13 Feb 2012

Endgame II: Europe’s Faustian pact

So we now have a thumping vote in favour of the EU/IMF austerity package. Mass rioting in Athens. One in seven Greek MPs thrown out of their political parties. And a snap election set for April. On Wednesday Eurozone finance ministers should sign off Greece’s new bailout, and then the “voluntary default” for Greece’s bankers can be signed off too. But will they really stick to the promises made to the Troika amid the tumult of an election campaign?

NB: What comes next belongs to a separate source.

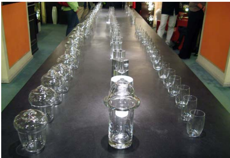
max lamb for j. & I. lobmeyr the project involved glass blowing, cutting and engraving

for his joint work with j. & I. lobmeyr , british designer max lamb applied a holistic approach to both the company and the subject of enhancing glass, realizing a project in each of the most important areas for lobmeyr: glass blowing, cutting and engraving.
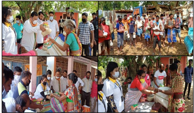
PMKK food distribution drives

As I said in Endgame (part 1), Greece has been cauterised. The decision made by politicians now needs to be backed by the Greek people at April’s election, if Greece is to remain in the single currency. Some of the words from likely PM Samaras, suggest a plan to renegotiate the deal in April.

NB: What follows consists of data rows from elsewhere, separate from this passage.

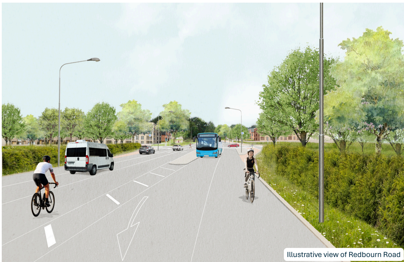
Illustrative view of Redbourn Road

Travel behaviour and the performance of the transport system can evolve over time, so flexibility is essential. Through structured monitoring, dynamic management, and stakeholder collaboration, this approach helps promote sustainable, safe, and efficient travel for the local community.
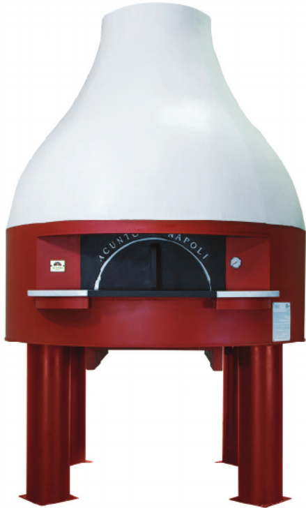
Standard Acunto Vesuvio 120 Model, shipped from Acunto factory, with removable legs
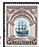
Sir Thomas Warner's Ship, 1632 — A11
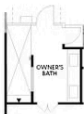
OPT Large Shower

He even suggested that MPs should vote yes to staying in the euro, because “eurobonds are coming”, even though Chancellor Merkel is implacably opposed to pooling Europe’s debts. In November the troika forced Mr Samaras to write a letter confirming he’d stick to the negotiated plan. The combination of electioneering and a five way negotiation still sounds pretty fragile.

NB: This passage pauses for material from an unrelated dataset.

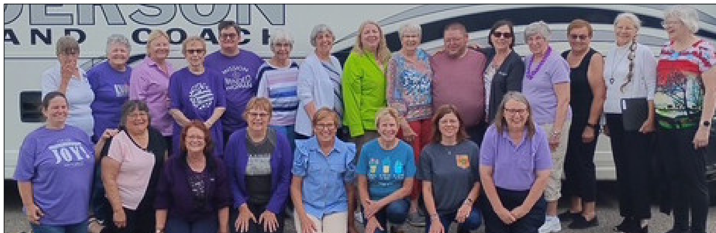
Catching the bus for the LWML Convention at Beautiful Savior in Fargo
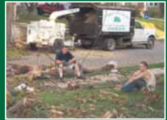
1994 Ford Diesel with Plow - 80,000 Miles - Nice Box - 1999 Woodchuck W/C 17 - 1,400 Hours - Gas Eng - $18,900 OBO

To understand where this is going however, you need to get to know what exactly it is that Germany and those driving the EU are trying to achieve. A senior figure in Chancellor Merkel’s CDU party referred to it as “spreading the stability culture throughout Europe”.

1. This is not just about German sado-austerity. The “fiscal compact” is an almost pointless fig leaf in policy terms. But it is a piece of marketing aimed at northern voters. The more significant policy changes are the reams of changes aimed at bringing down unit labour costs in the Mediterranean economies. Germany sees this as exporting the “stability culture”, as Germany itself has cut such costs since the euro’s creation. That is why the adjustment measure in Greece stresses things like cutting the minimum wage by 22 per cent.

In Italy, Spain, Ireland, and Portugal too, we see a host of measures meant to cut labour costs. Many economists in Germany see this as fair, given the sharp 30 per cent rise in real labour costs in many of these countries since the creation of the euro. That is one part of the Faustian pact: on average labour costs surged in these nations during the boom years. One leading former ECB figure I spoke to last year was actually offended by that trend. Now they have to come down. A type of hell, to pay for the better times.

2. This is as a direct result of the perceived success in Germany of a series of reforms started by Chancellor Schroder, which saw average real wages in Germany fall. The Hartz IV reforms help explain why unemployment has nearly halved in Germany in the past five years. It’s not just about classic labour market flexibility.

Chancellor Merkel also used billions of euros of taxpayers’ money to keep people in work during the financial crisis recession. They reaped the benefit over the past year and a half with a boom during the recovery. The rest of Europe can, and is, copying these reforms – but they fundamentally mean lower real wages.

3. The Draghi bazooka known as the LTRO, will be repeated in a fortnight, again aimed at the eurozone banking system. The ECB is effectively pursuing a variant of QE. The LTRO’s effect is almost the same as QE. But importantly it is QE that does not look like QE to an inflation/debt/money-printing averse German voter/politician. (There is a difference: banks have to post collateral for these loans, but eligibility is very wide including all sorts of mortgage binds and corporate loans).

The fact that he has done this and cut interest rates twice within weeks of arriving as the ECBs Italian boss in Frankfurt, and that he’s done this without inviting a mass German revolt, is very impressive. Will Germany rebel eventually? The popular wisdom says yes – I say no.

4. The market is beginning to discern the G from the PIIS. Greece is in a separate division. My market intelligence has many of the hedge funds closing out their shorts of the euro in the sovereign Credit Default Swap market. The risk here is that Greece’s politics become contagious, and Portugal and Ireland ask for some of the same deal that Greece gets. The ECB will find a legal way to share the burden of the Greek bond haircut.

5. As we get to the end of the year the German elections in 2013 will come into focus. Watch German politicians such as Per Steinbruck, who have been withering about Merkel’s dithering. Watch out for who the German SPD choose as candidate for chancellor. They have suggested they are far warmer on eurobonds than is commonly suggested about Germany.

All roads lead to the German elections next year.  If it is clear that Europe’s sado-austerity is not working in Portugal, and Spain as well as Greece, then expect some form of eurobond. The euro will very much still be with us until then.